To extract whole-genome sequences for a particular species, you will use the function get_genome(). For a single species, get_genome() takes a species ID and returns a DNAStringSet object. To demonstrate it, let’s obtain the whole genome of Arabidopsis thaliana.

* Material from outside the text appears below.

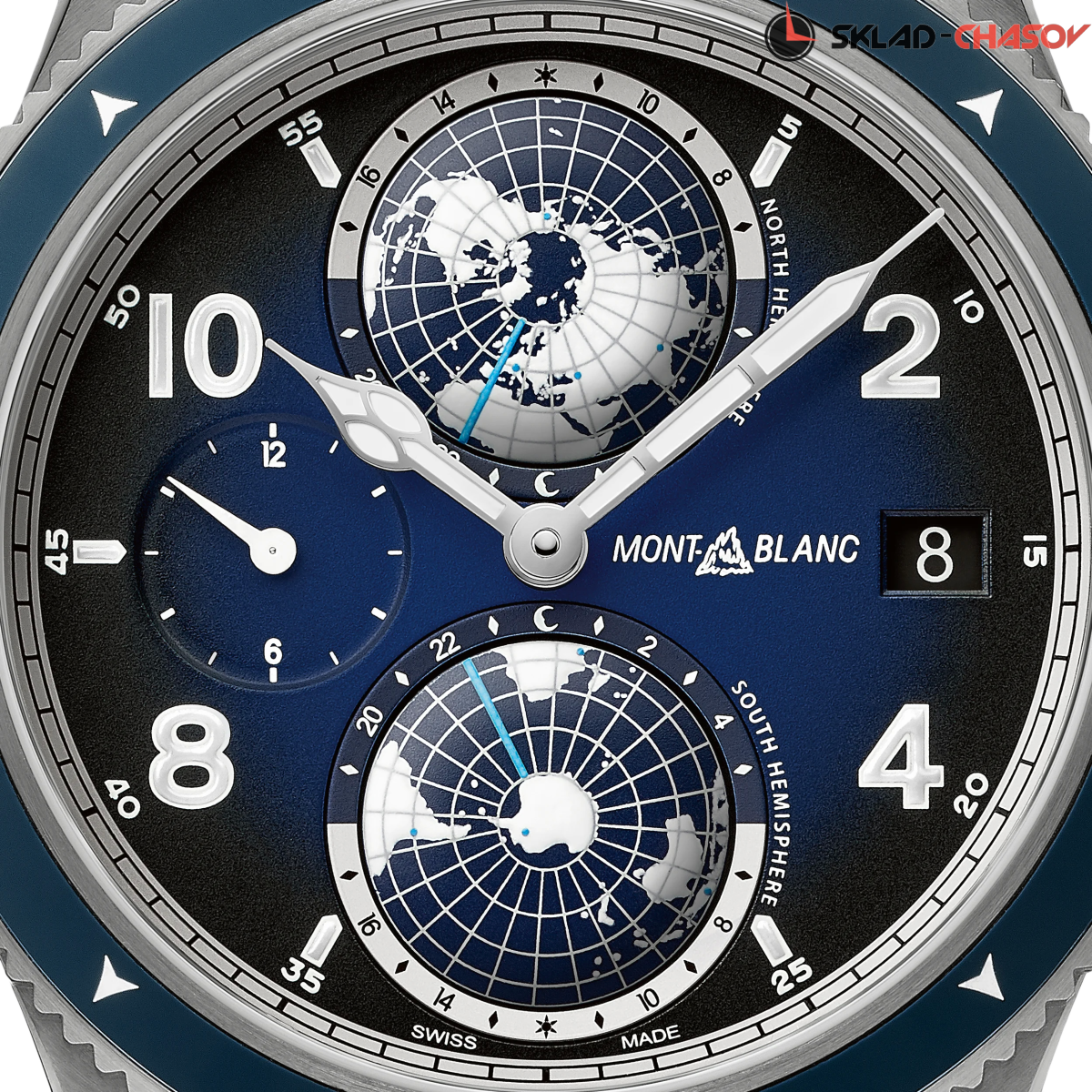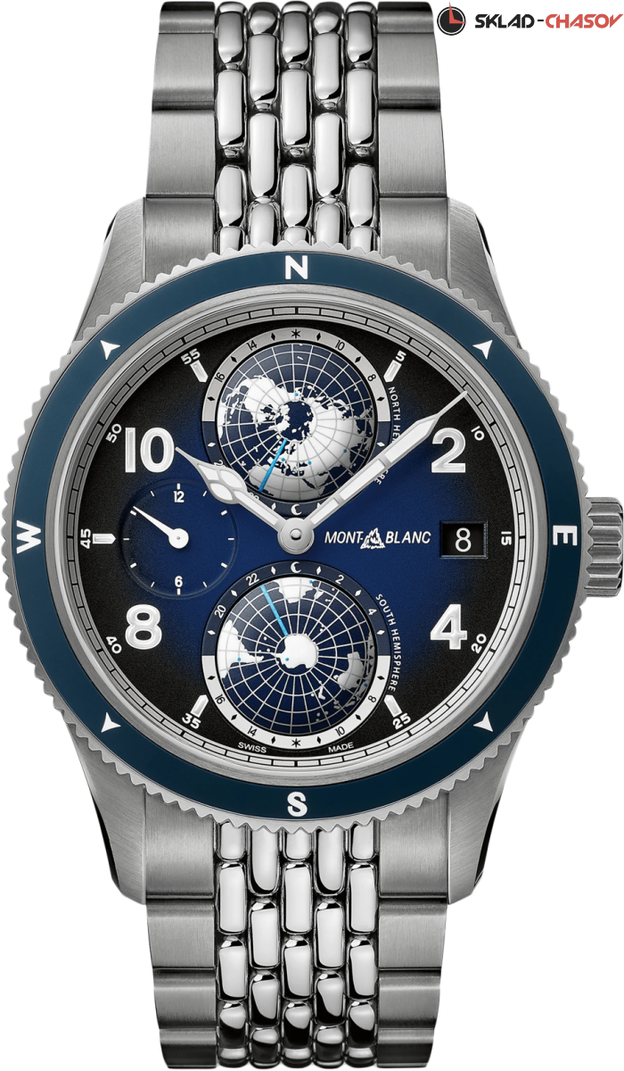Элегантная мужская механическая модель с сложной функцией индикации мирового времени и уникальной гравировкой на задней крышке. Модель Montblanc 1858 Geosphere посвящена альпинистам, желающим покорить семь вершин мира. Часы дополнены стальным браслетом.

# Retrieve genome of Arabidopsis thaliana
ath_genome <- get_genome("ath")

ath_genome
#> DNAStringSet object of length 7:
#>        width seq                                            names               
#> [1] 30427671 CCCTAAACCCTAAACCCTAAAC...TTTAGGGTTTAGGGTTTAGGG Chr1
#> [2] 19698289 NNNNNNNNNNNNNNNNNNNNNN...TTTAGGGTTTAGGGTTTAGGG Chr2
#> [3] 23459830 NNNNNNNNNNNNNNNNNNNNNN...TAAACCCTAAACCCTAAACCC Chr3
#> [4] 18585056 NNNNNNNNNNNNNNNNNNNNNN...GTTTAGGGTTTAGGGTTTAGG Chr4
#> [5] 26975502 TATACCATGTACCCTCAACCTT...AGGATTTAGGGTTTTTAGATC Chr5
#> [6]   154478 ATGGGCGAACGACGGGAATTGA...AATAACTTGGTCCCGGGCATC ChrC
#> [7]   366924 GGATCCGTTCGAAACAGGTTAG...AGAATGGAAACAAACCGGATT ChrM

For multiple species, get_genome() takes a vector of species IDs and returns a list of DNAStringSet objects.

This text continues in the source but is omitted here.